The whole development approach reopens the questions of the future of the humanitarian sector. Even though there is a general consensus on the fact that humanitarian services should offer not only reactionary assistance, but a more development-oriented aid, reality shows otherwise. The humanitarian sector’s wallet unfortunately does not cover its ambitions. While the idea of how aid must be delivered has been changing over the last few years, the economic structure remains the same (there is even the fear that the amount of aid provided will shrink due to recent political events).

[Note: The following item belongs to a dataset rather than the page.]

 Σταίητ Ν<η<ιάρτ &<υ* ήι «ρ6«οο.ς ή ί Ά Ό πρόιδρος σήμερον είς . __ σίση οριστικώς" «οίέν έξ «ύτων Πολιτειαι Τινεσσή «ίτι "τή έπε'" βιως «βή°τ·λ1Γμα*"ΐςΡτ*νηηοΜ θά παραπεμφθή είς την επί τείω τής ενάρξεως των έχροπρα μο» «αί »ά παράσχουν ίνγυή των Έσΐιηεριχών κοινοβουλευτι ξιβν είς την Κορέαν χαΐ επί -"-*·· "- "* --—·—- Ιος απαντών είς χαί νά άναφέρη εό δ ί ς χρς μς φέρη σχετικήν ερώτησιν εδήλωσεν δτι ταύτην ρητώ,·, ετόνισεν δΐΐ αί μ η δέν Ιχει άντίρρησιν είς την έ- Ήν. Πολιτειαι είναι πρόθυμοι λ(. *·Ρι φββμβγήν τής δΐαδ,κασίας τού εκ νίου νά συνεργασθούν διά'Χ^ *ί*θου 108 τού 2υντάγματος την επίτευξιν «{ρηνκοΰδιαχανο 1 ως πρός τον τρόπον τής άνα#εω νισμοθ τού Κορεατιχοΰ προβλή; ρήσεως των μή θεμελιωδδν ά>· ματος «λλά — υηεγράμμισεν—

On top of that, aid funds are extremely concentrated and are only given to a few actors. Actually, to get to know precisely how much of the global humanitarian funds go directly to local and national actors is quite complex: there is too little transparency and too much missing data to get to a definite conclusion (Oxfam & FIC, 2020). The most recent Global Humanitarian Assistance report states that local and national NGOs received 2.1 percent of all NGO funding in 2019. (Development Initiatives, 2020).

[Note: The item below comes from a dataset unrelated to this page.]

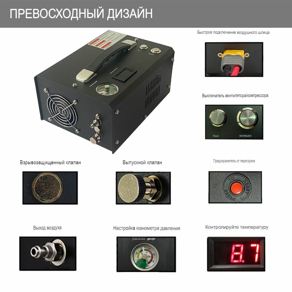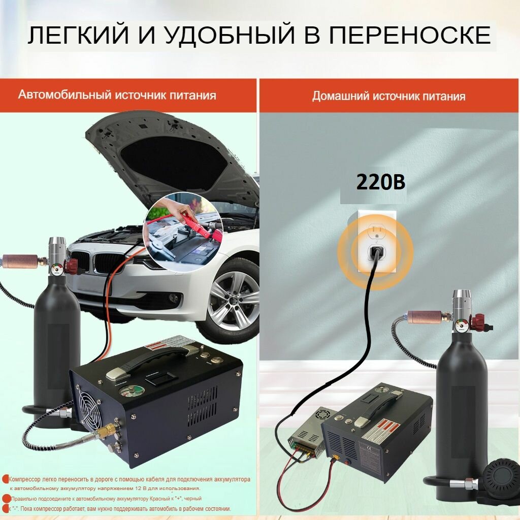 Компрессор высокого давления для PCP (220V, 12V, 300bar, 4500psi) интересное:

If the antiquated structures that have existed for so long without a major change, are not enough to respond to the humanitarian challenges of today, then there is the need of a serious restructure. Crises like the one happening in Colombia with the Venezuelan migration, that it is even more worrisome because of COVID-19, could certainly benefit from a better and most needed humanitarian assistance.
There are 1.7 million Venezuelans with the intention to stay in Colombia (and many more in the country as expressed before), and once the immediate humanitarian needs are covered, local organizations will continue addressing the day-to-day challenges of integrating migrants into the host communities. International aid usually leaves, the problem stays, and then local NGOs are the poorly funded front liners who need to be innovative to cope up with the problems that INGOs (even if they went there solely for that purpose) did not even address in the first place.
(1) For example, as of 2020, more than 5 million Colombians are living outside their home country.
(2) Figure that corresponds to the amount of official documents that the Colombian government has given to Venezuelans who live in Venezuela but cross the border regularly to Colombia in order to work.
(3) Colombian migrants that went to Venezuela years before who decided to go back to Colombia. This term includes the children of Colombians that were born and raised in Venezuela, and even the children of those children.
(4) “Parcero “is a common slang word used in Colombia that means “friend, pal, buddy”, and “Pana” is the same thing, but in Venezuelan slang.
References:
ACAPS (2020) Colombia. Venezuelan Refugees.
Development Initiatives (2020) Global Humanitarian Assistance Report.
Entre Panas y Parceros (2020) Objetivos.
IMF, (2019) El Directorio Ejecutivo del FMI Concluye la Consulta del Artículo IV con Colombia correspondiente a 2020.
Inter-Agency Standing Committee (2016) Localisation: As Local as Possible, as International as Necessary
Migración Colombia. (2020). Radiografía: venezolanos en Colombia. Ministerio de Relaciones Exteriores.
The New Humanitarian (2015) Where is all the money going? The Humanitarian Economy.
Oxfam & The Feinstein International Center (2020) Anchored in Local Reality: Case Studies on Local Humanitarian Action from Haiti, Colombia, and Iraq.
Seele, A & Bolter, J (2020) An Uneven Welcome: Latin American and Caribbean Responses to Venezuelan and Nicaraguan Migration. Migration Policy Institute.